Prompt » Whatever pictures appear, omit them, and repeat the data below exactly.

Dataset excerpt »
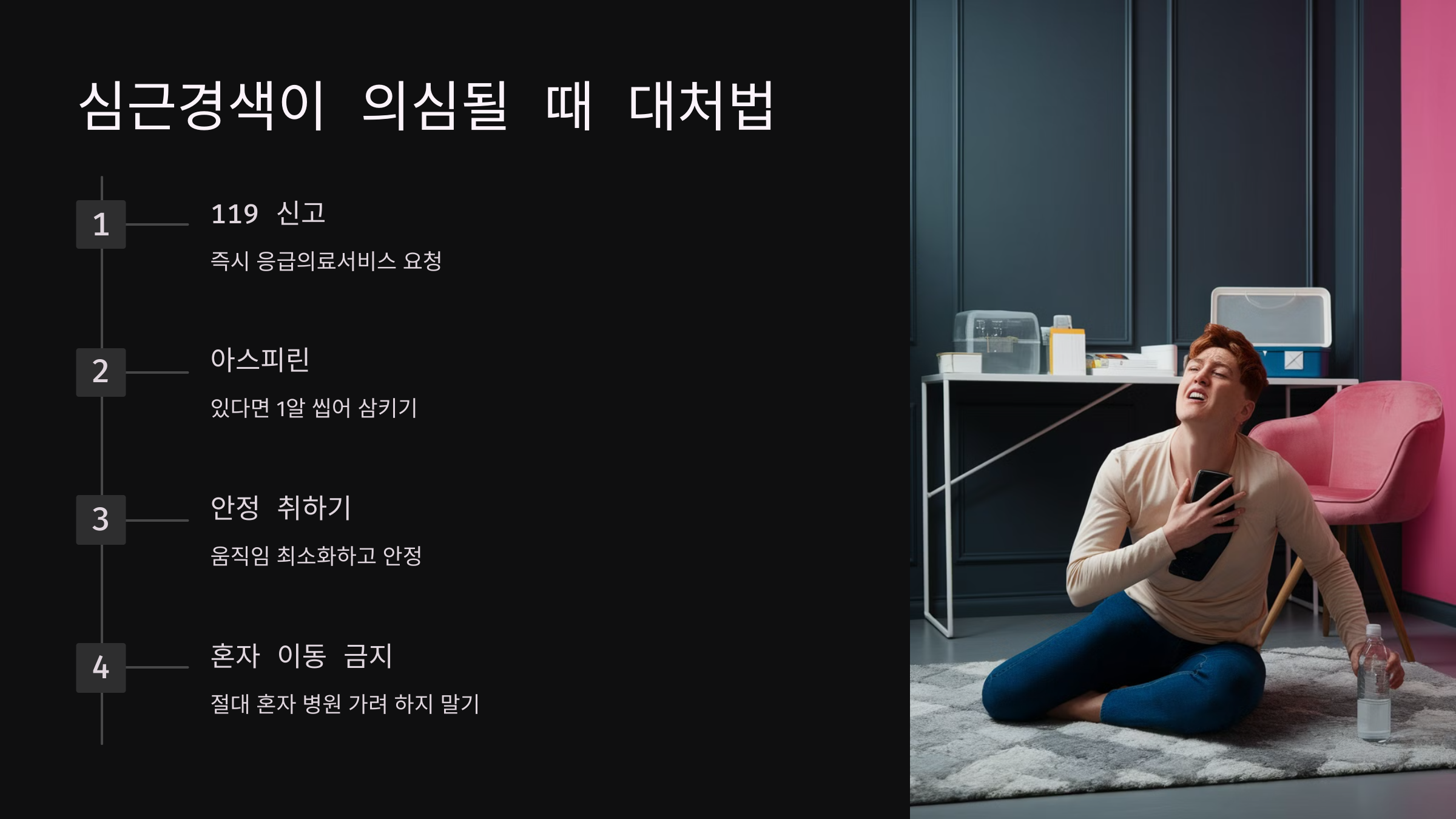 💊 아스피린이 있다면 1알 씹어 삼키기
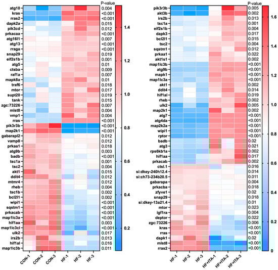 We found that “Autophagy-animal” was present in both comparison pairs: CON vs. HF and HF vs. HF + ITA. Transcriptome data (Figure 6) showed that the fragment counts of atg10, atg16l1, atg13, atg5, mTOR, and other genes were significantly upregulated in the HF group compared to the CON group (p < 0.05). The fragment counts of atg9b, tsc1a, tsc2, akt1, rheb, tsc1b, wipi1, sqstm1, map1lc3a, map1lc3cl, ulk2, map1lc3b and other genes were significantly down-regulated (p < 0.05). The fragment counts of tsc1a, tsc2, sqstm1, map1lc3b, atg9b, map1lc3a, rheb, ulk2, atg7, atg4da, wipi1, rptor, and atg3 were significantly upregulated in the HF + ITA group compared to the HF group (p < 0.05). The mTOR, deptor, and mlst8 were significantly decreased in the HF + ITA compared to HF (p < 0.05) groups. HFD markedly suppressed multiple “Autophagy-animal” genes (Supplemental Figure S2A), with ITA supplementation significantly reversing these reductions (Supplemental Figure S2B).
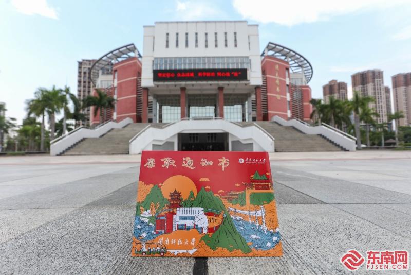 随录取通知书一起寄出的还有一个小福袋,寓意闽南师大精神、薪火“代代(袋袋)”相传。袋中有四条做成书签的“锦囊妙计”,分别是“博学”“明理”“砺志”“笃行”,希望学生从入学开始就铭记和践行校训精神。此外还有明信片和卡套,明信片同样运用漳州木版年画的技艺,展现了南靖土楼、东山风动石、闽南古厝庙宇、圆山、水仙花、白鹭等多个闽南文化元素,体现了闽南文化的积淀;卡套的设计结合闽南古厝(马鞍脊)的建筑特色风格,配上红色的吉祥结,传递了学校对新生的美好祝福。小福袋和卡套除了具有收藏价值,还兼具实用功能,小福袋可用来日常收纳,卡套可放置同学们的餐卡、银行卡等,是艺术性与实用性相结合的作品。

Expected answer »
 💊 아스피린이 있다면 1알 씹어 삼키기
 We found that “Autophagy-animal” was present in both comparison pairs: CON vs. HF and HF vs. HF + ITA. Transcriptome data (Figure 6) showed that the fragment counts of atg10, atg16l1, atg13, atg5, mTOR, and other genes were significantly upregulated in the HF group compared to the CON group (p < 0.05). The fragment counts of atg9b, tsc1a, tsc2, akt1, rheb, tsc1b, wipi1, sqstm1, map1lc3a, map1lc3cl, ulk2, map1lc3b and other genes were significantly down-regulated (p < 0.05). The fragment counts of tsc1a, tsc2, sqstm1, map1lc3b, atg9b, map1lc3a, rheb, ulk2, atg7, atg4da, wipi1, rptor, and atg3 were significantly upregulated in the HF + ITA group compared to the HF group (p < 0.05). The mTOR, deptor, and mlst8 were significantly decreased in the HF + ITA compared to HF (p < 0.05) groups. HFD markedly suppressed multiple “Autophagy-animal” genes (Supplemental Figure S2A), with ITA supplementation significantly reversing these reductions (Supplemental Figure S2B).
 随录取通知书一起寄出的还有一个小福袋,寓意闽南师大精神、薪火“代代(袋袋)”相传。袋中有四条做成书签的“锦囊妙计”,分别是“博学”“明理”“砺志”“笃行”,希望学生从入学开始就铭记和践行校训精神。此外还有明信片和卡套,明信片同样运用漳州木版年画的技艺,展现了南靖土楼、东山风动石、闽南古厝庙宇、圆山、水仙花、白鹭等多个闽南文化元素,体现了闽南文化的积淀;卡套的设计结合闽南古厝(马鞍脊)的建筑特色风格,配上红色的吉祥结,传递了学校对新生的美好祝福。小福袋和卡套除了具有收藏价值,还兼具实用功能,小福袋可用来日常收纳,卡套可放置同学们的餐卡、银行卡等,是艺术性与实用性相结合的作品。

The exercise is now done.